WHAT THE EXERCISE ASKS: Reproduce exactly the lines of this material that begin at the line with "Oscar De La" and end at the line with "Don’t settle for", both included. Omit the pictures and everything else.

EXTRACTED MATERIAL:
- Opening Delimiter -

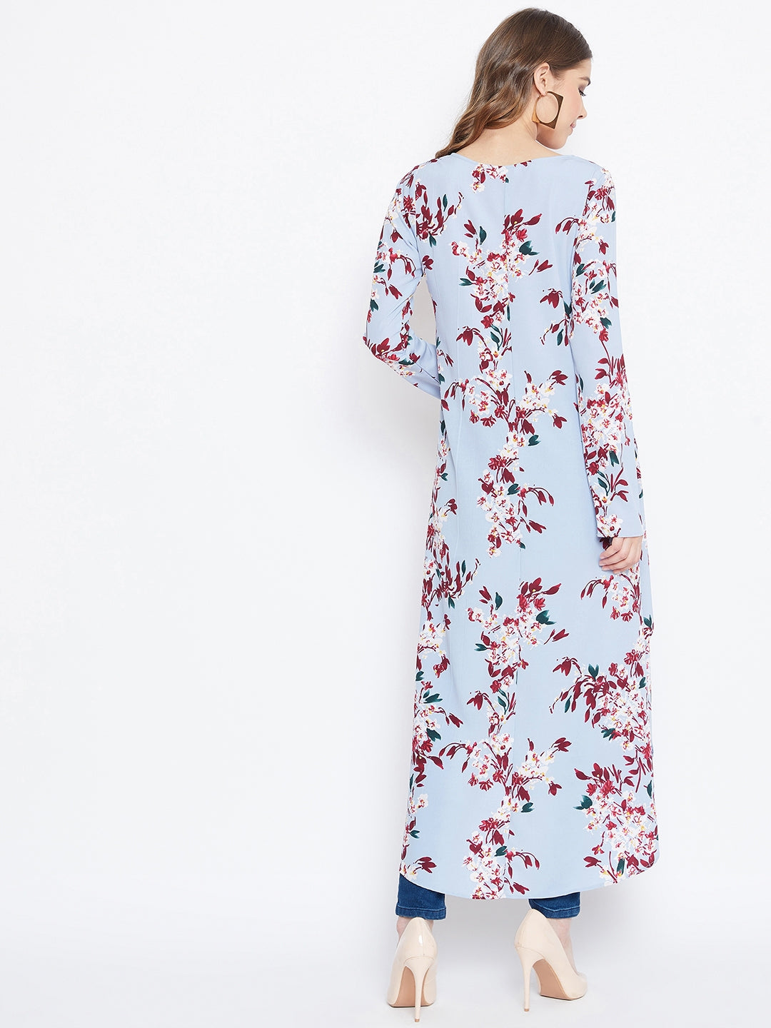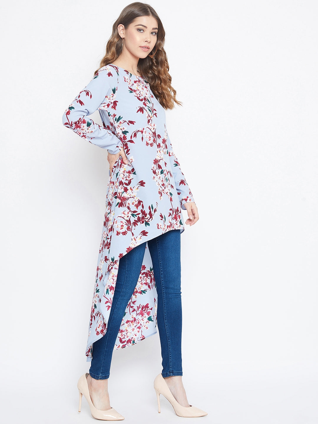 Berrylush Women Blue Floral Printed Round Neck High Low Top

- Closing Delimiter -
- Opening Delimiter -

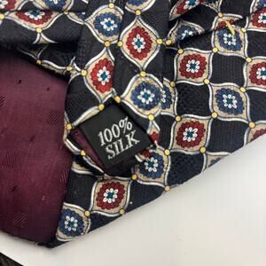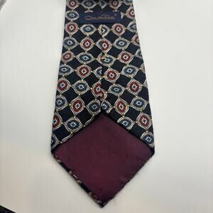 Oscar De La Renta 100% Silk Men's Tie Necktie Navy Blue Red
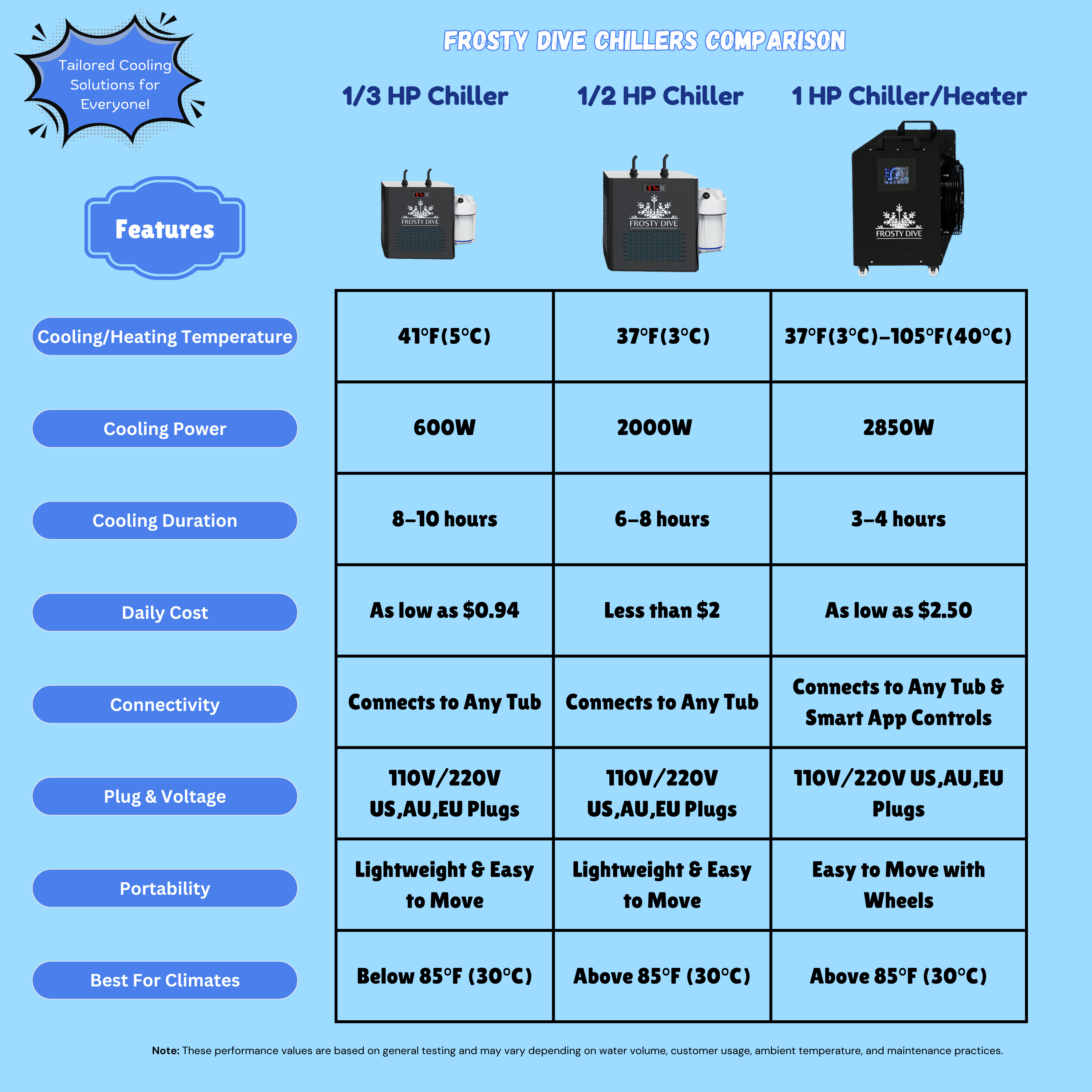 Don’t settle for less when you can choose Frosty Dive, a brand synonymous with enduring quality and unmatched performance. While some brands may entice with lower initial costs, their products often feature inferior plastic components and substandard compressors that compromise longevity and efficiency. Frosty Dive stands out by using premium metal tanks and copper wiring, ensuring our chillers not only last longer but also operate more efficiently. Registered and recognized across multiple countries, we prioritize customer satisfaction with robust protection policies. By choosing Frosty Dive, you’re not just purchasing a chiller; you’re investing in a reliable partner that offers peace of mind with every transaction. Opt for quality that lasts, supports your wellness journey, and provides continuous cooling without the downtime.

- Closing Delimiter -
- Opening Delimiter -

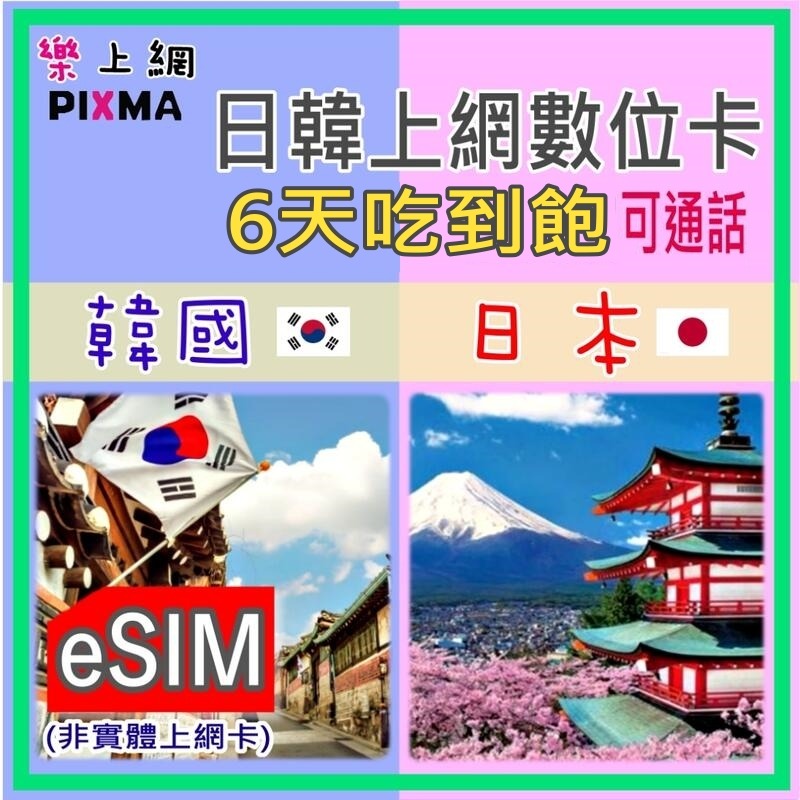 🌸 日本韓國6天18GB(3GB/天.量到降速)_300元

- Closing Delimiter -

TASK RESPONSE:
 Oscar De La Renta 100% Silk Men's Tie Necktie Navy Blue Red
 Don’t settle for less when you can choose Frosty Dive, a brand synonymous with enduring quality and unmatched performance. While some brands may entice with lower initial costs, their products often feature inferior plastic components and substandard compressors that compromise longevity and efficiency. Frosty Dive stands out by using premium metal tanks and copper wiring, ensuring our chillers not only last longer but also operate more efficiently. Registered and recognized across multiple countries, we prioritize customer satisfaction with robust protection policies. By choosing Frosty Dive, you’re not just purchasing a chiller; you’re investing in a reliable partner that offers peace of mind with every transaction. Opt for quality that lasts, supports your wellness journey, and provides continuous cooling without the downtime.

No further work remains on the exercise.